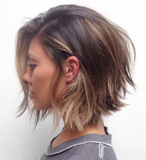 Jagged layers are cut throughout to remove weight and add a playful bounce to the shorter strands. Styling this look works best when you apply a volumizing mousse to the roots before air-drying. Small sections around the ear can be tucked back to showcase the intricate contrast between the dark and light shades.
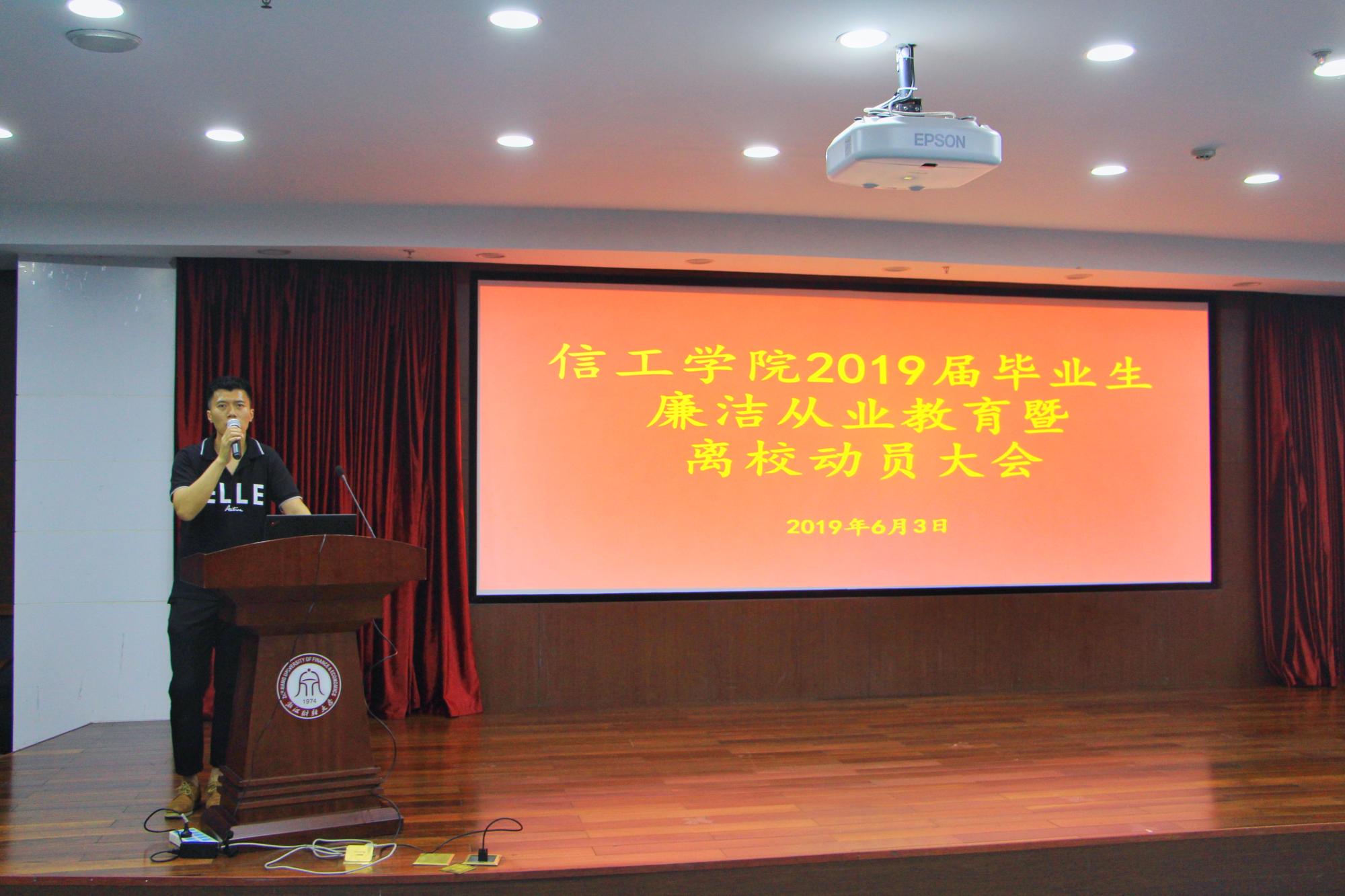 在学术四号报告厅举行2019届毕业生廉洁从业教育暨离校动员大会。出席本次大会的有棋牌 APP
= = = =
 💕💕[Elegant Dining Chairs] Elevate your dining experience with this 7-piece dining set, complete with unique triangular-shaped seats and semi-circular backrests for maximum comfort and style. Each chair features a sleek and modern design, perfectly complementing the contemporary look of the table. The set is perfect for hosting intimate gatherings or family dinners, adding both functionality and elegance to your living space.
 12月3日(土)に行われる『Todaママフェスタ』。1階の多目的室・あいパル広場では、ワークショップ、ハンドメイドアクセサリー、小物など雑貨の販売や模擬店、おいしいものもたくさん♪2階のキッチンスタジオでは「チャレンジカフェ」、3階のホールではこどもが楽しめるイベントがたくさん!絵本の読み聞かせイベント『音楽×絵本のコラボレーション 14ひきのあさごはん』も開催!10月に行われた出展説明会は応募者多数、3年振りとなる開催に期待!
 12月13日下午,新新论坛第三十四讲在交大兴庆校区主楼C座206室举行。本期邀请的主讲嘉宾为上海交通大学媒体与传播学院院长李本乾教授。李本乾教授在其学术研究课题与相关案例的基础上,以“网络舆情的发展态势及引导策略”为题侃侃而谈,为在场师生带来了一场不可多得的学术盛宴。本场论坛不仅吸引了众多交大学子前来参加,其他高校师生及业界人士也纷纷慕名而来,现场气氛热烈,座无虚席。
= = = =
— WORK ORDER —
Excerpt from the records above: set down only the lines from the one that contains "Jagged layers are" through the one that contains "在学术四号报告厅举行2019", inclusive, word for word. Pictures stay out.

— ANSWER SECTION —
 Jagged layers are cut throughout to remove weight and add a playful bounce to the shorter strands. Styling this look works best when you apply a volumizing mousse to the roots before air-drying. Small sections around the ear can be tucked back to showcase the intricate contrast between the dark and light shades.
 在学术四号报告厅举行2019届毕业生廉洁从业教育暨离校动员大会。出席本次大会的有棋牌 APP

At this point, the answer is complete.